### Task details
Look in the listing below for the line that has "Die Steuerung ist", then return it and each following line up to and including the one with "POWERCUT POWERHOUSE –", exactly and without pictures.

** Opening Exercise inputs block **

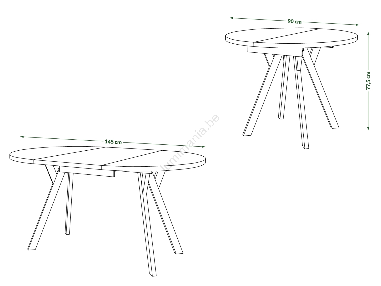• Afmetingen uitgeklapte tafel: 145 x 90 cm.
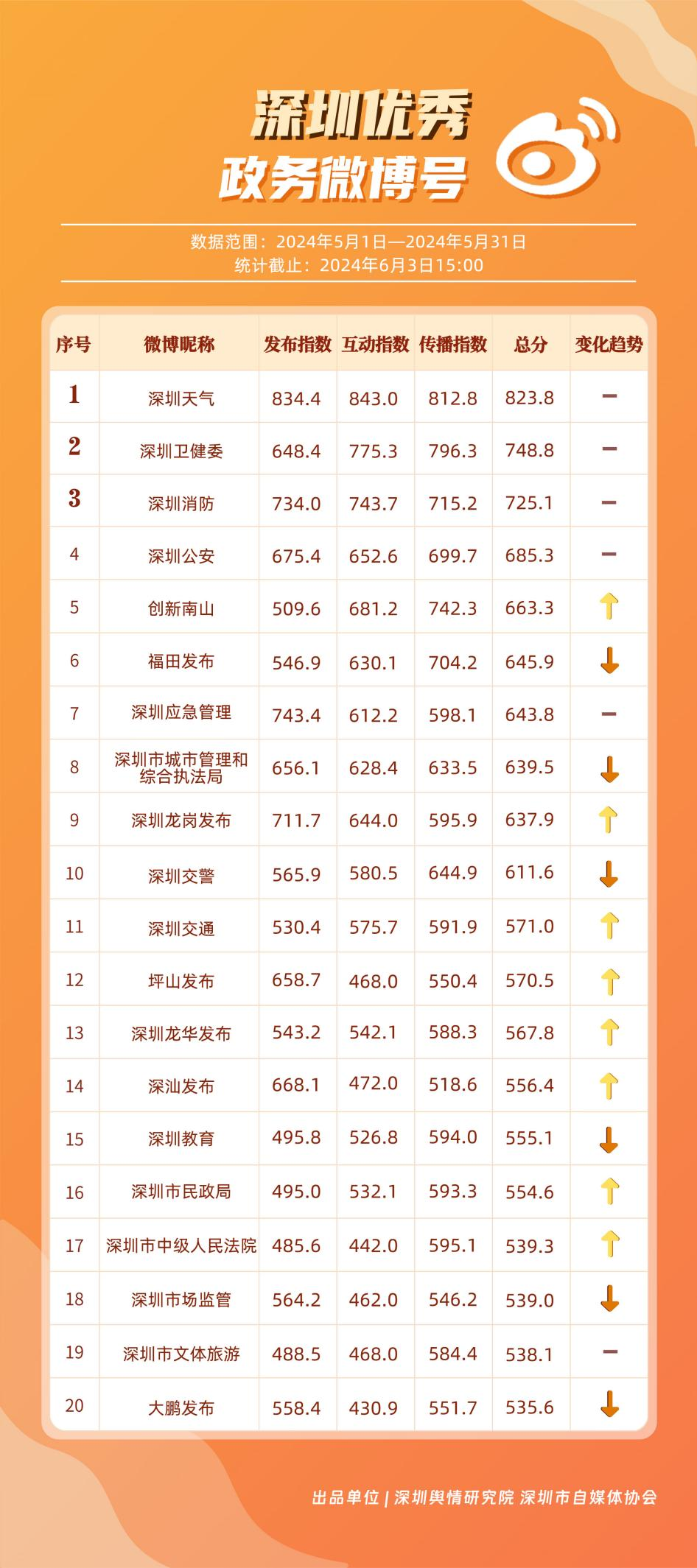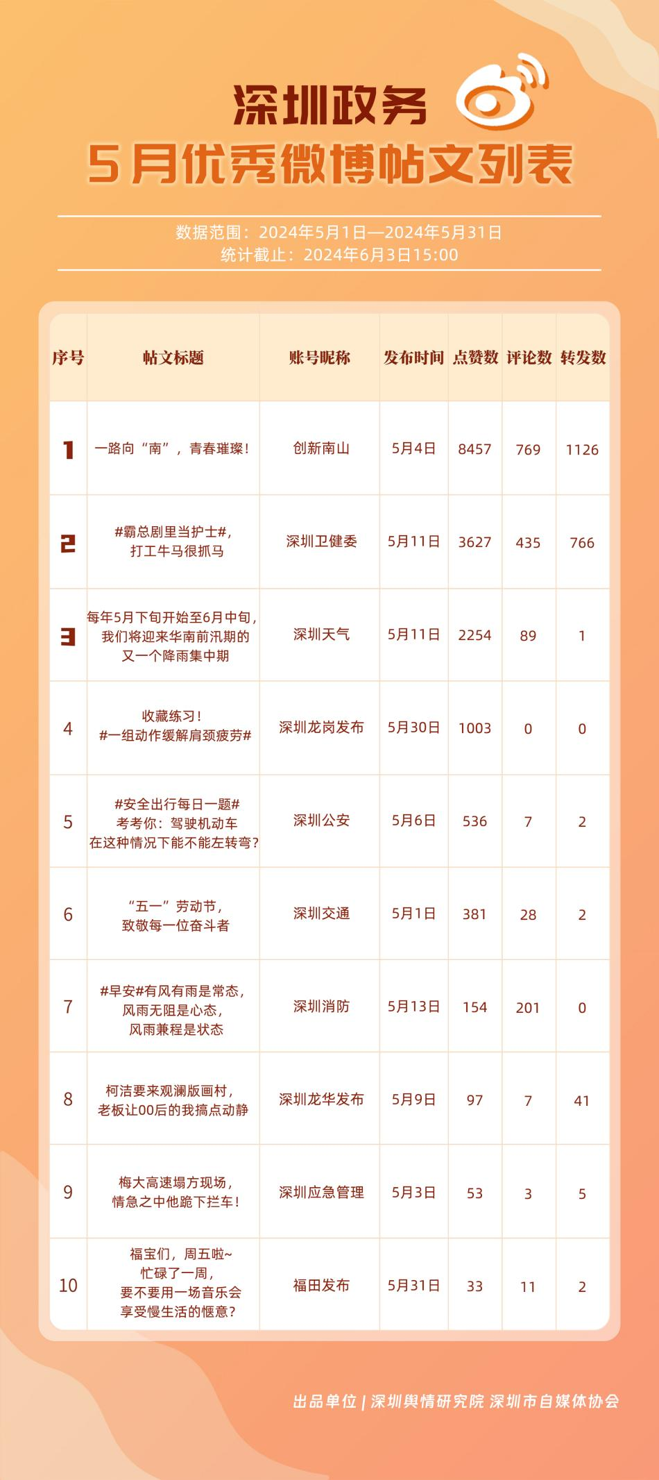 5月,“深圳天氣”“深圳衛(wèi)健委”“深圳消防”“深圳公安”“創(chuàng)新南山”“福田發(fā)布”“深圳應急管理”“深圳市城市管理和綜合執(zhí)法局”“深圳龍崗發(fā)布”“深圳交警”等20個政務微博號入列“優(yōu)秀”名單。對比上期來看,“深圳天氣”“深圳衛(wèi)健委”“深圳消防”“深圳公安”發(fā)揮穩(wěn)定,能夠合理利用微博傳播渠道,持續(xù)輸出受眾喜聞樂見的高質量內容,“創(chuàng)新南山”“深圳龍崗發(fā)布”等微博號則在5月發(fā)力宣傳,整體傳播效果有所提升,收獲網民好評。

** Closing Exercise inputs block **
** Opening Exercise inputs block **

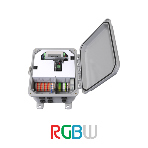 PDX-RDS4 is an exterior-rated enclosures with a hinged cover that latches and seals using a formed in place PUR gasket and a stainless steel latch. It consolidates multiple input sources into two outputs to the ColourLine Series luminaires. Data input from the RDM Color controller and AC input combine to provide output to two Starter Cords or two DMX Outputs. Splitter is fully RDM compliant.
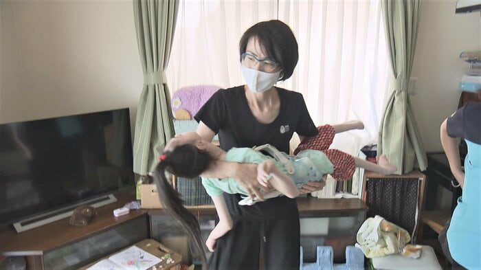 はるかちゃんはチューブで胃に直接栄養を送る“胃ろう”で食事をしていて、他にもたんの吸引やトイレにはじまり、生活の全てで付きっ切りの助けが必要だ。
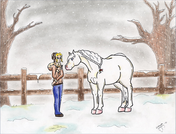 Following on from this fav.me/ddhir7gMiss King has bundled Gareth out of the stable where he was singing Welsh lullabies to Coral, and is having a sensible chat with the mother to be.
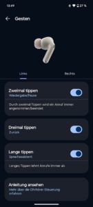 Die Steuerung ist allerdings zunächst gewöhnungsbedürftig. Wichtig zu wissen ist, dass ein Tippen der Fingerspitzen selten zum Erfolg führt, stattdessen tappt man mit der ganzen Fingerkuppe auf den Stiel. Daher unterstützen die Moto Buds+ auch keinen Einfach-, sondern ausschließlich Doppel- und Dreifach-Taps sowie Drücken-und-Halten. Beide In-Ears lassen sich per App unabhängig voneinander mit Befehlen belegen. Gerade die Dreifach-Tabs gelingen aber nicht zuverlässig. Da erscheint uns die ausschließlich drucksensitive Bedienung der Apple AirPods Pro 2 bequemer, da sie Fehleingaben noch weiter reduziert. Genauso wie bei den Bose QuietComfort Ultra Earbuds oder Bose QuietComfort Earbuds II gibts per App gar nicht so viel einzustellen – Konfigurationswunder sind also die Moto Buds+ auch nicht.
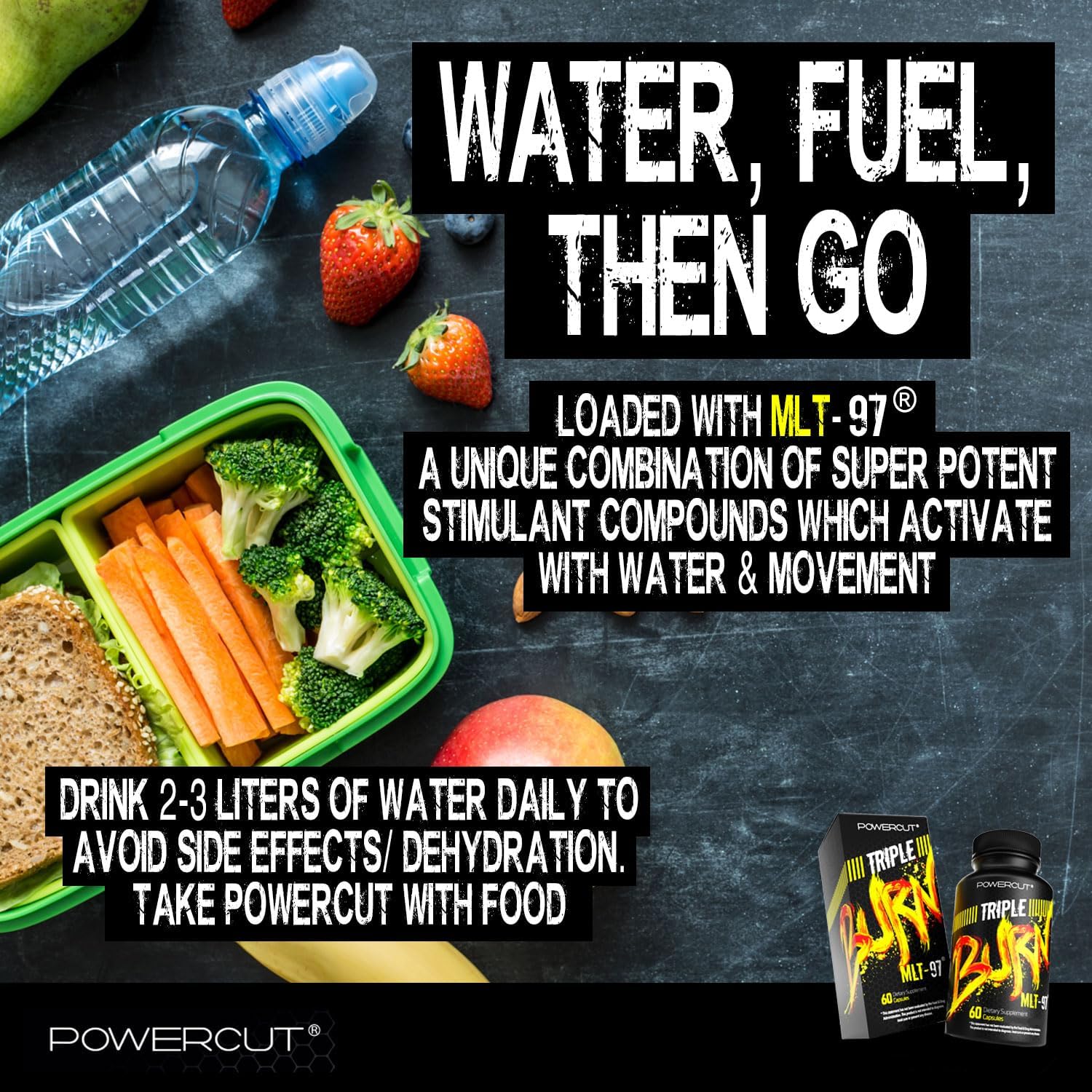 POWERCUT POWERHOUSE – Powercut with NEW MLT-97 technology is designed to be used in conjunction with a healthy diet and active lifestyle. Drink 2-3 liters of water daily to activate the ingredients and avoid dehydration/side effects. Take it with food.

** Closing Exercise inputs block **

### Task output
 Die Steuerung ist allerdings zunächst gewöhnungsbedürftig. Wichtig zu wissen ist, dass ein Tippen der Fingerspitzen selten zum Erfolg führt, stattdessen tappt man mit der ganzen Fingerkuppe auf den Stiel. Daher unterstützen die Moto Buds+ auch keinen Einfach-, sondern ausschließlich Doppel- und Dreifach-Taps sowie Drücken-und-Halten. Beide In-Ears lassen sich per App unabhängig voneinander mit Befehlen belegen. Gerade die Dreifach-Tabs gelingen aber nicht zuverlässig. Da erscheint uns die ausschließlich drucksensitive Bedienung der Apple AirPods Pro 2 bequemer, da sie Fehleingaben noch weiter reduziert. Genauso wie bei den Bose QuietComfort Ultra Earbuds oder Bose QuietComfort Earbuds II gibts per App gar nicht so viel einzustellen – Konfigurationswunder sind also die Moto Buds+ auch nicht.
 POWERCUT POWERHOUSE – Powercut with NEW MLT-97 technology is designed to be used in conjunction with a healthy diet and active lifestyle. Drink 2-3 liters of water daily to activate the ingredients and avoid dehydration/side effects. Take it with food.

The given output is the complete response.